For the reasons that follow, the Court sua sponte dismisses any claims that seek to initiate a criminal prosecution of Defendants or others, as a private citizen lacks standing to cause a criminal prosecution. The Court also sua sponte dismisses claims against the United States of America-including the FBI-on sovereign immunity grounds, other than any claims brought against the United States under the Federal Tort Claims Act (“FTCA”), 28 U.S.C. §§ 1346(b), 1402(b), 2401(b), 2671-80. To the extent Plaintiff seeks to assert any claims against the United States under the FTCA, he is ordered to show cause in writing within fourteen days of this Order that he has complied with the administrative exhaustion requirements of the FTCA and further is on notice that his failure to do so will result in dismissal of such claims for lack of subject matter jurisdiction.
The Court similarly puts Plaintiff on notice of its intent to sua sponte dismiss any claims under 42 U.S.C. § 2000ee-1, because that statute lacks a private right of action, as well as any claims for damages against the Individual Defendants under federal law because they appear to be entitled to judicial or quasi-judicial immunity based on the allegations in the Amended Complaint.
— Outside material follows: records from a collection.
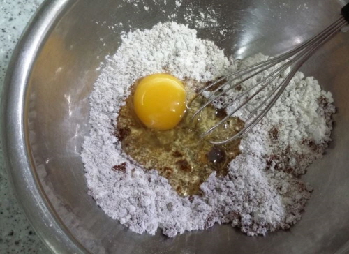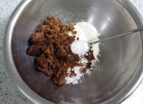 준비물; 박력분 40g, 흑설탕 80g, 베이킹파우더 4g(1찻숟가락), 초콜릿 100g, 버터 70g, 달걀 1개, 장식용 슈가파우더
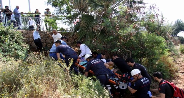 Olay saat 10.30 sırasında Muratpaşa ilçesi varyant seyir terasındaki falezlerde meydana geldi. Ailevi sorunları olduğu ileri sürülen bir kadın, bariyerlerle çevrili alanı geçip, falezlerin ucundaki kayaların üzerinde oturmaya başladı. Kadını gören vatandaşlar durumu polise bildirdi. Varyanta gelen polis iletişim çabalarına karşılık vermeyince kadının atlama ihtimaline karşı deniz polise ve itfaiye ekiplerinden destek istedi. Polisin, “Abla yapma, sorunun neyse bize söyle, yardımcı olalım, lütfen oturur musun” sözlerine, “gelmeyin” diye karşılık veren 36 yaşındaki S.Y. kayanın ucuna doğru gitti. Sağlık, polis ekipleri ve vatandaşların tüm ikna çabalarına yanıt vermeyen S.Y. ayaklarını kayalık alandan sarkıttı. Meraklı kalabalık ise yaşananları izledi. Kayanın ucunu tutunan S.Y. biranda düştü. Alt tarafı uçurum ve deniz olan S.Y. şans eseri düştüğü yerde kaldı. Yaklaşık 20 metreden otlarla kaplı sert zemine düşen S.Y. için tüm ekipler seferber oldu. Sarp alana bariyerlerden atlayarak inen sağlık ekipleri ilk müdahaleyi kadına olduğu yerde yaptı. Boyunluk takılıp, sedyeye alınan S.Y., ekipler tarafından elden ele taşınmaya başlandı. Alanın dik ve sarp olması nedeniyle ekipler S.Y.’yi elden ele yukarı varyanta doğru taşımaya başladı. Sedye bağlanan iple elden ele imece usulü dik alandan varyanta çıkarıldı. Ambulansa alınan genç kadın Antalya Eğitim ve Araştırma Hastanesine kaldırıldı. Çeşitli yerlerinde kırık ve ezilme bulunan S.Y.’nin arkasında bıraktığı çantası ve cep telefonunu polis teslim aldı.
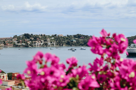 Bougainvillea out of focus in the foreground and Saint-jean-cap-Ferrat in the background
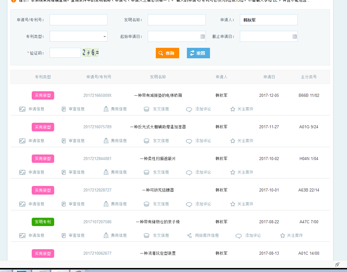 第五步,點(diǎn)擊“查詢”后,所有該申請(qǐng)人申請(qǐng)的專利,都會(huì)列示出來(lái)。

The Court also puts Plaintiff on notice that it intends to dismiss any federal claims against the NYPD, as that agency is not a separate entity that can be sued, and against the City of New York, because it appears Plaintiff has not stated a legally cognizable claim for municipal liability under 42 U.S.C. § 1983, nor has he articulated any basis for the City's liability under the other federal causes of action pleaded in the Amended Complaint. The Court also provides notice that it, in the event all federal claims are dismissed, it does not intend to exercise supplemental jurisdiction over any remaining state claims, including any state claims against the City. The Court will afford Plaintiff the opportunity to address the viability of his Section 2000ee-1 claims and of any of his federal causes of action against the Individual Defendants, the NYPD, and the City of New York. No later than fourteen days from the date of this Order, Plaintiff must show cause in writing why any of these claims should not be dismissed. Similarly, by that date, Plaintiff also must show cause in writing why the Court should not decline to exercise supplemental jurisdiction over any remaining state claims in the event the federal claims are dismissed.
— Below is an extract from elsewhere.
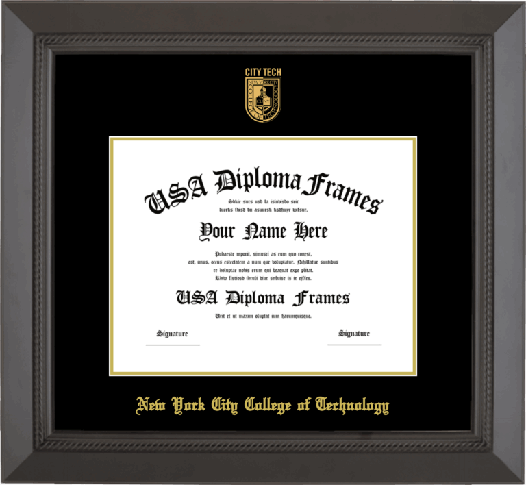 New York City College of Technology Diploma Frame – Black Rope – Black and Gold Mat

Lastly, the Court also gives Plaintiff notice that it intends to deny him leave to replead any of the claims that are the subject of this Order for futility reasons. He too may address in writing within fourteen days of this Order why he disagrees with that assessment and believes he should be granted leave to replead.
I. Background
The nine causes of action listed in the Amended Complaint cover a broad range of alleged violations of federal and state law. The first cause of action alleges violations of 42 U.S.C. § 1983 for deprivation of rights under color of law, Am. Compl. ¶¶ 21-22; the second cause of action purports to allege violations of 42 U.S.C. § 2000ee-1(e) for retaliation, id. ¶¶ 23-24; the third cause of action alleges violations of the Electronic Communications Privacy Act (“ECPA”), 18 U.S.C. §§ 2510-2523, id. ¶¶ 25-26; the fourth cause of action alleges violations of the Computer Fraud and Abuse Act (“CFAA”), 18 U.S.C. § 1030, id. ¶¶ 27-28; the fifth cause of action alleges abuse of process, id. ¶¶ 29-30; the sixth cause of action alleges malicious prosecution, id. ¶¶ 31-32; the seventh cause of action alleges computer trespass, id. ¶¶ 33-34; the eighth cause of action alleges conversion of computer data, id. ¶¶ 35-36; and the ninth cause of action alleges judicial bias and prejudice, id. ¶¶ 37-38. For each cause of action, Plaintiff seeks “actual and punitive damages in the amount of $20,000,000.” Id. ¶¶ 22, 24, 26, 28, 30, 32, 34, 36, 38. Plaintiff additionally may be seeking to hold Defendants criminally liable, as the Amended Complaint has a section titled “CRIMINAL ACTS” and alleges violations of 18 U.S.C. § 242, id. ¶¶ 10-15, and further alleges violations of “civil and criminal RICO,” i.e., the Racketeer Influenced and Corrupt Organizations Act, 18 U.S.C. §§ 1961-1968, Am. Compl. ¶ 3, as well as other statutes that allow for criminal liability, specifically, 18 U.S.C. § 3121, id. ¶ 5, the ECPA, id. ¶¶ 5, 25-26, and the CFAA, id. ¶¶ 6, 27-28.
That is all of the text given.